----- Input for this task

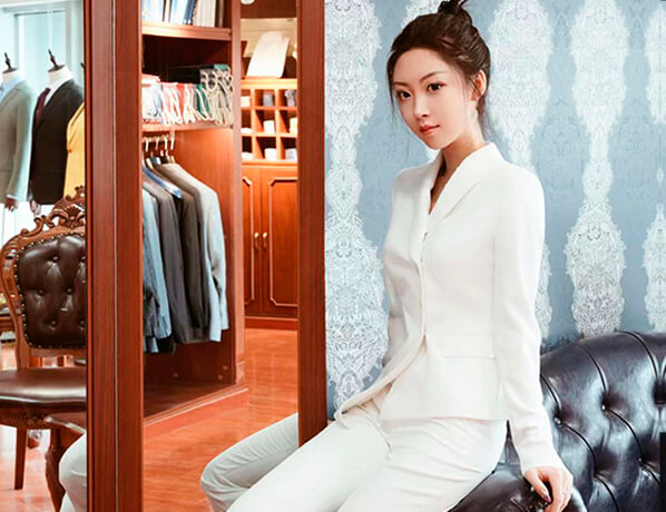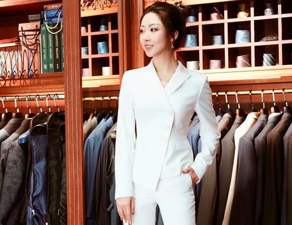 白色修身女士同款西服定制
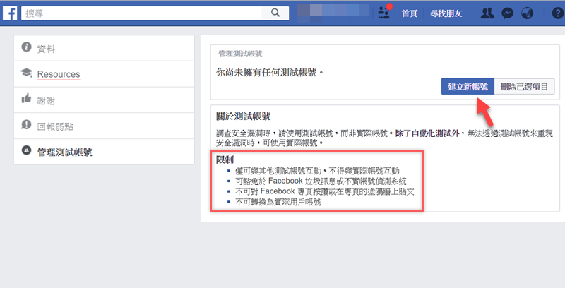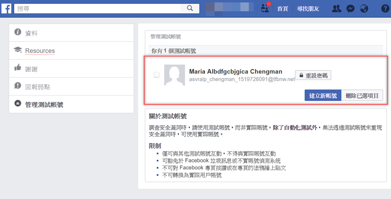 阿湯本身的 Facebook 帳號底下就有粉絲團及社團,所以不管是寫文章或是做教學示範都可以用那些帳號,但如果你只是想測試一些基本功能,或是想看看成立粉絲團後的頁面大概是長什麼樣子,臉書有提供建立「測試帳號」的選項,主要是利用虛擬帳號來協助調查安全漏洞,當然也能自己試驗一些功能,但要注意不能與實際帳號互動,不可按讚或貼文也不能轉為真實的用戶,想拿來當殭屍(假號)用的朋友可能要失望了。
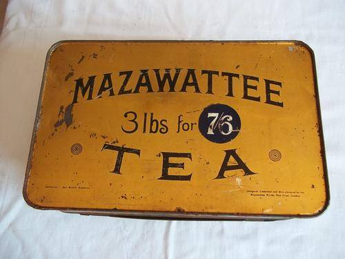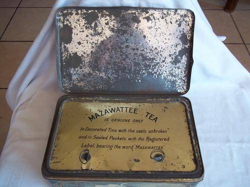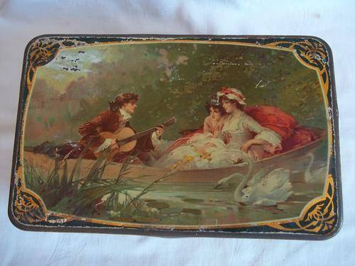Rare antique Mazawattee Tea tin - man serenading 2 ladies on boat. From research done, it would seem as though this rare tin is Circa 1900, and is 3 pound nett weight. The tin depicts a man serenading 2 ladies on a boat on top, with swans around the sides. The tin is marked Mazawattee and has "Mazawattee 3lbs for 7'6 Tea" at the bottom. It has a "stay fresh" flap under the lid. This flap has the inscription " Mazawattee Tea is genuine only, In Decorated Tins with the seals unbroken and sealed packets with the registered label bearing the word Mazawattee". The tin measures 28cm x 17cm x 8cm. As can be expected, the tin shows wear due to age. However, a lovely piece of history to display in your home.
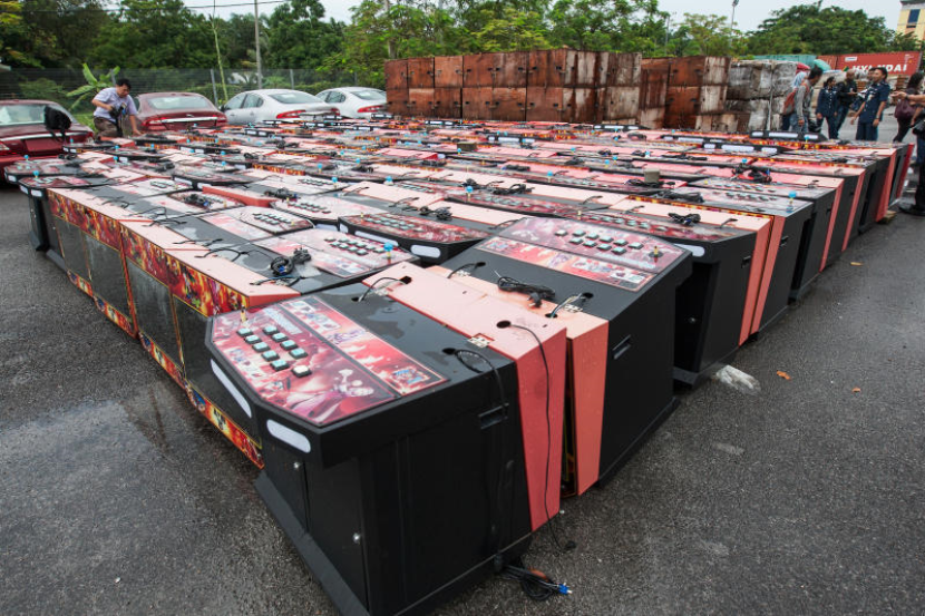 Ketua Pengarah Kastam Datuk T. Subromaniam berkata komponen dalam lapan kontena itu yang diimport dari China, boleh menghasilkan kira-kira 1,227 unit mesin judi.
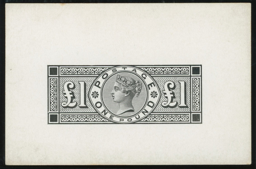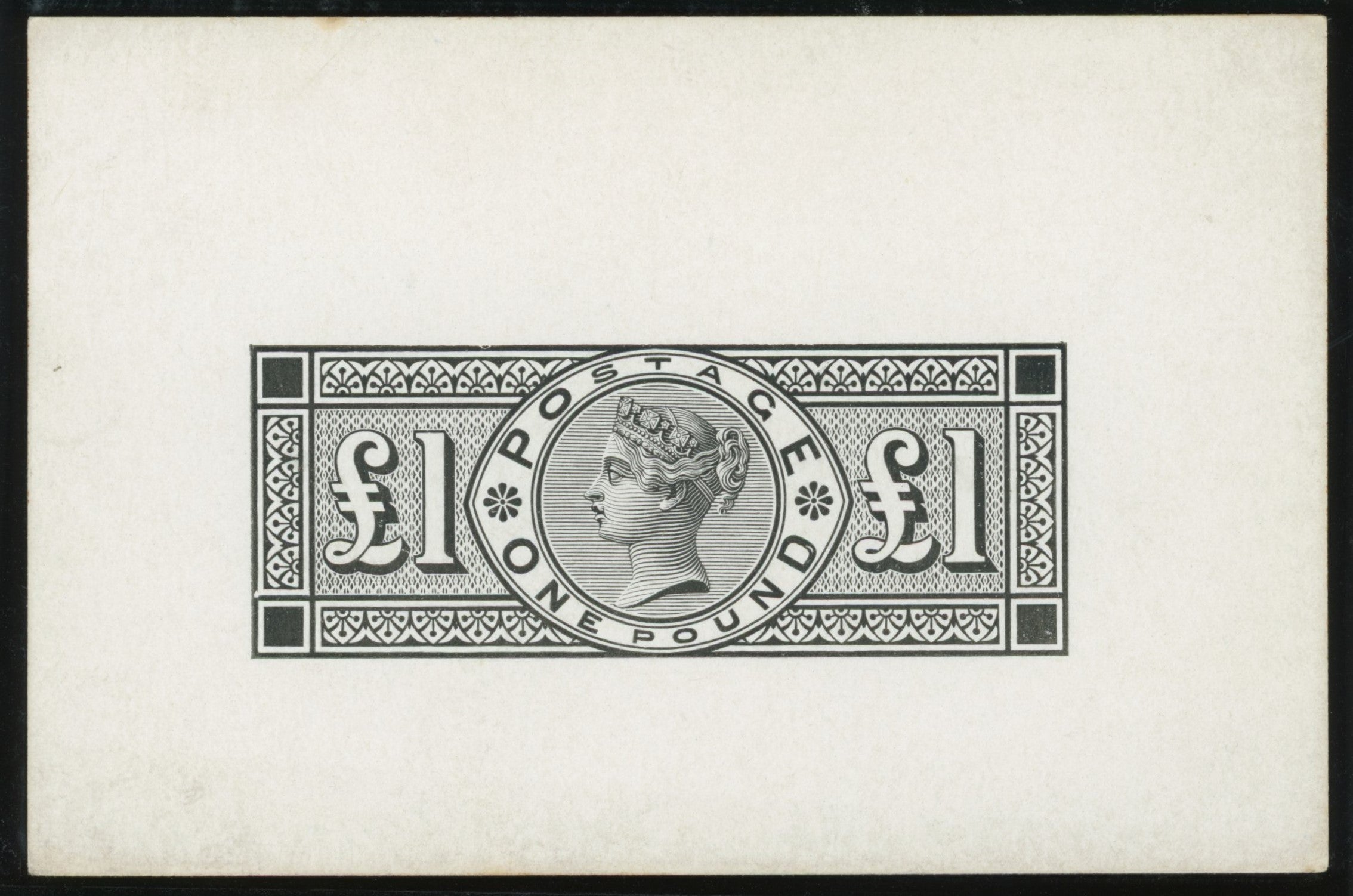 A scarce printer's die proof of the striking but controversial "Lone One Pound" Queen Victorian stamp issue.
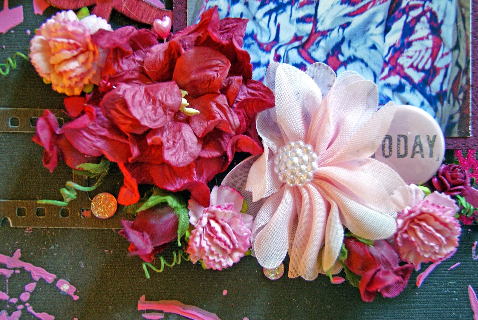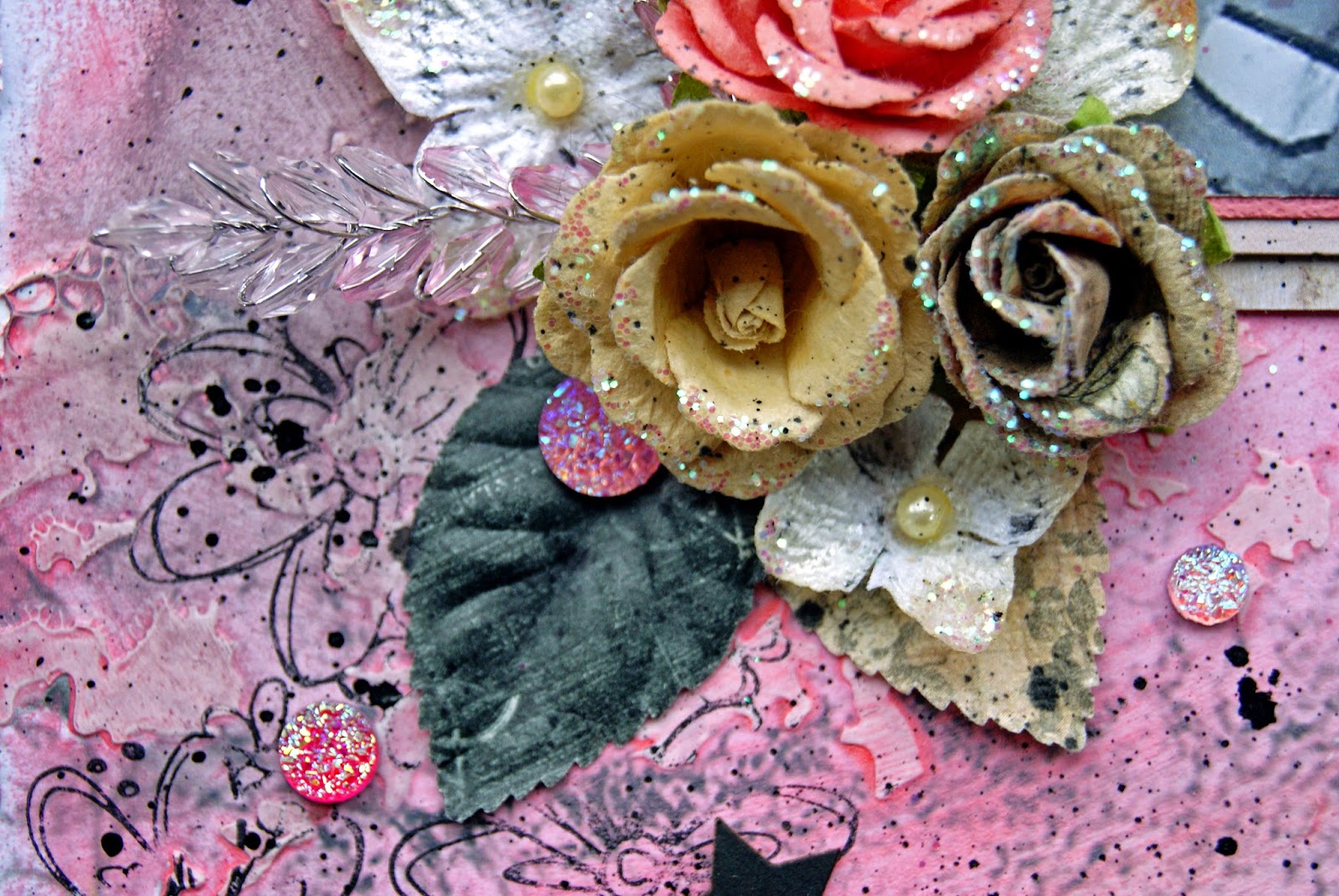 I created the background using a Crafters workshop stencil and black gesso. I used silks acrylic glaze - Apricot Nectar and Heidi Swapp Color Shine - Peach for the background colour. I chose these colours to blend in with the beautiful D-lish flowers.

----------

→ **Description of the task**: The preceding listing must be repeated exactly, with all images dropped.

→ **Exercise result**:
 白色修身女士同款西服定制
 阿湯本身的 Facebook 帳號底下就有粉絲團及社團,所以不管是寫文章或是做教學示範都可以用那些帳號,但如果你只是想測試一些基本功能,或是想看看成立粉絲團後的頁面大概是長什麼樣子,臉書有提供建立「測試帳號」的選項,主要是利用虛擬帳號來協助調查安全漏洞,當然也能自己試驗一些功能,但要注意不能與實際帳號互動,不可按讚或貼文也不能轉為真實的用戶,想拿來當殭屍(假號)用的朋友可能要失望了。
Rare antique Mazawattee Tea tin - man serenading 2 ladies on boat. From research done, it would seem as though this rare tin is Circa 1900, and is 3 pound nett weight. The tin depicts a man serenading 2 ladies on a boat on top, with swans around the sides. The tin is marked Mazawattee and has "Mazawattee 3lbs for 7'6 Tea" at the bottom. It has a "stay fresh" flap under the lid. This flap has the inscription " Mazawattee Tea is genuine only, In Decorated Tins with the seals unbroken and sealed packets with the registered label bearing the word Mazawattee". The tin measures 28cm x 17cm x 8cm. As can be expected, the tin shows wear due to age. However, a lovely piece of history to display in your home.
 Ketua Pengarah Kastam Datuk T. Subromaniam berkata komponen dalam lapan kontena itu yang diimport dari China, boleh menghasilkan kira-kira 1,227 unit mesin judi.
 A scarce printer's die proof of the striking but controversial "Lone One Pound" Queen Victorian stamp issue.
 I created the background using a Crafters workshop stencil and black gesso. I used silks acrylic glaze - Apricot Nectar and Heidi Swapp Color Shine - Peach for the background colour. I chose these colours to blend in with the beautiful D-lish flowers.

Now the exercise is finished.